Il secondo è l’Uovo a cotoletta, un cibo quotidiano che si veste da festa. «La cotoletta è il piatto più tipico e conosciuto della tradizione meneghina e non potevo trascuralo. Nella cucina della mamma, l’uovo, un ingrediente quotidiano, si vestiva da festa quando veniva impanato come una cotoletta con mollicata di pane, aglio e prezzemolo. Dalla cottura si sprigionavano così gli stessi profumi della carne, anche se non lo è, facendo sentire l’atmosfera della domenica» racconta Cuttaia. Due ricette in cui c’è l’essenza del cuoco bistellato, fatta di poesia e ingredienti semplici, spesso basici ma che sa interpretare come pochi in Italia. «C’è un solo ingrediente di cui non posso fare a meno ed è la memoria» ci dice per l’ennesima volta.

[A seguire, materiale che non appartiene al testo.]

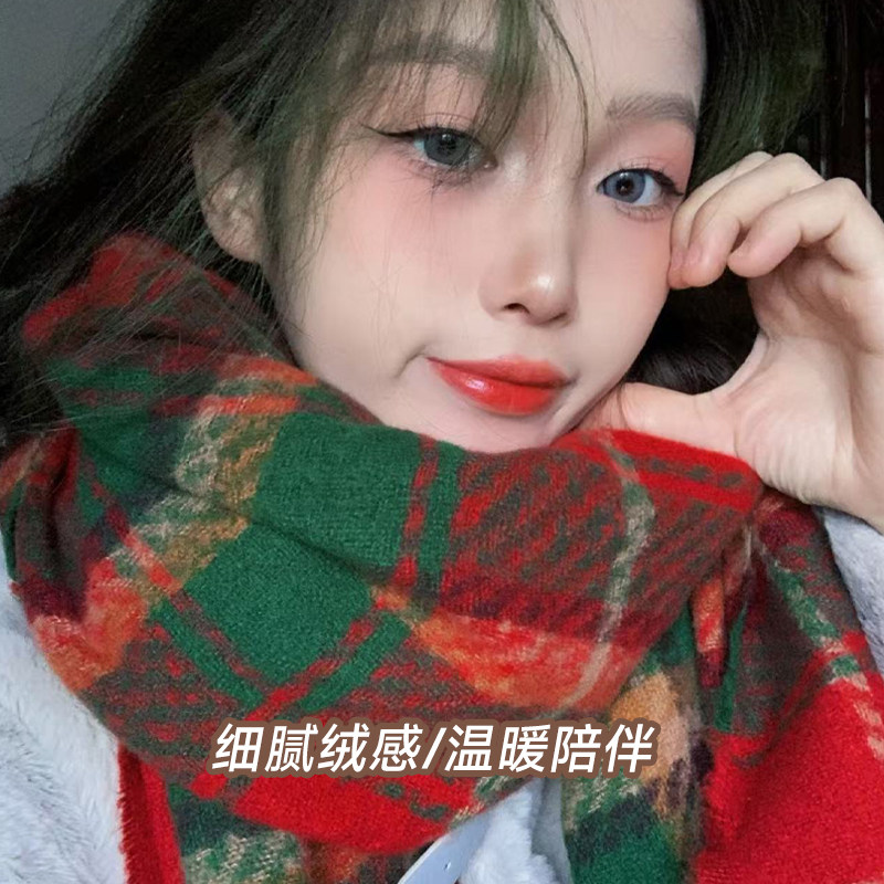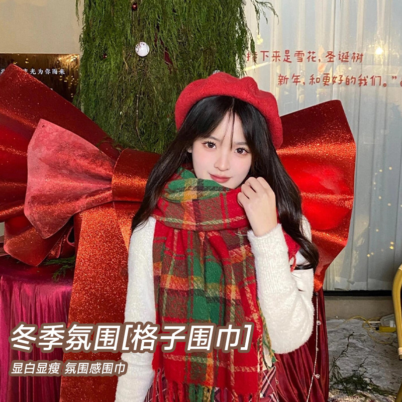 稻草人圣诞新年红色格子围巾女冬季韩版氛围感加厚披肩保暖围脖男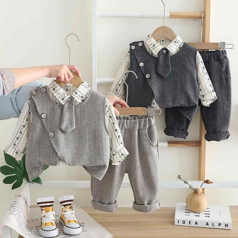 子供用フォーマルスーツ 春秋物 ベビー 子供服 おしゃれ ベスト シャツ 3点セット 綿 80 90 100 110 120cm グレー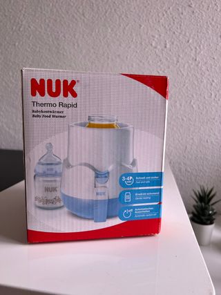 Calienta biberones nuk, nuevo. Calienta de forma rápida y homogénea mediante vapor de agua. Practico cestillo para extraer los tarritos sin problemas.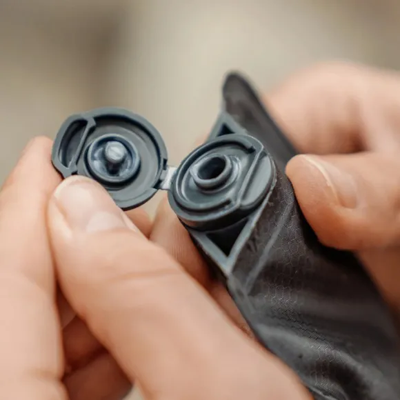 Valmistettu vedenpitävästä Cordura-ripstop-nylonista, jonka pinnoite hylkii vettä ja kuivuu nopeasti. Kierrekorkin ansiosta siinä on suuri täyttöaukko. Lenkin päälle voi kirjoittaa pullon sisällön.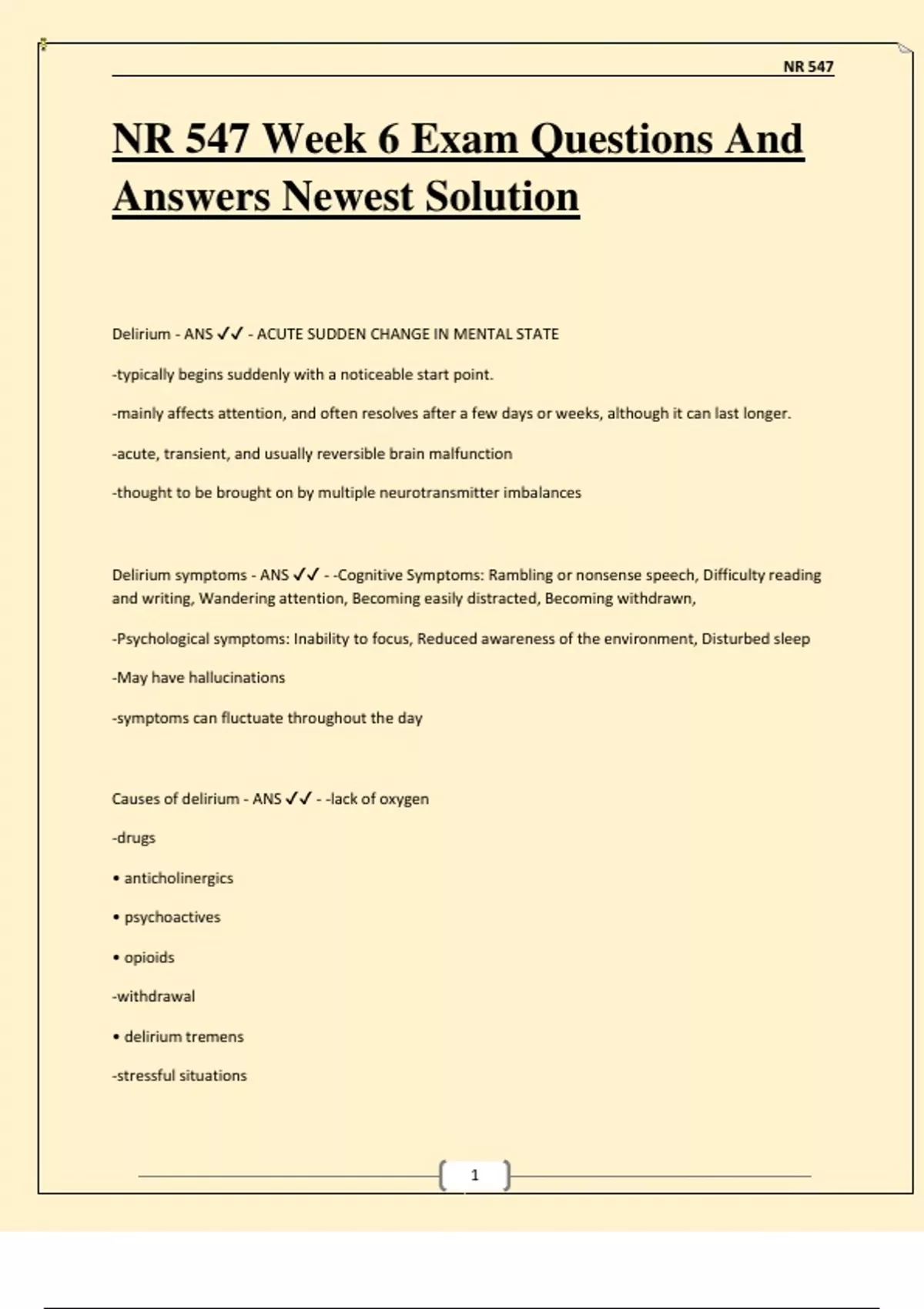 Delirium - ANS ✔✔ - ACUTE SUDDEN CHANGE IN MENTAL STATE

E se lo guardi perplesso, pensando che in fondo è quasi impossibile non trovare chef senza un minimo di memoria, centra maggiormente il pensiero con un sorriso dei suoi «È una zavorra se non ti confronti, ma nel momento in cui lo fai con il contemporaneo ne trai energia: viaggi e torni per avere occhi nuovi con cui guardare il paesaggio e i tuoi ingredienti in modo diverso. Usando magari gli stessi ma con gesti diversi, l’innovazione è nel recupero del gesto». Ecco perchè, gustando i piatti (ri)assaggiati a Milano, bisogna una volta di più ringraziare – oltre all’autore degli stessi – la mamma e la nonna di Pino Cuttaia.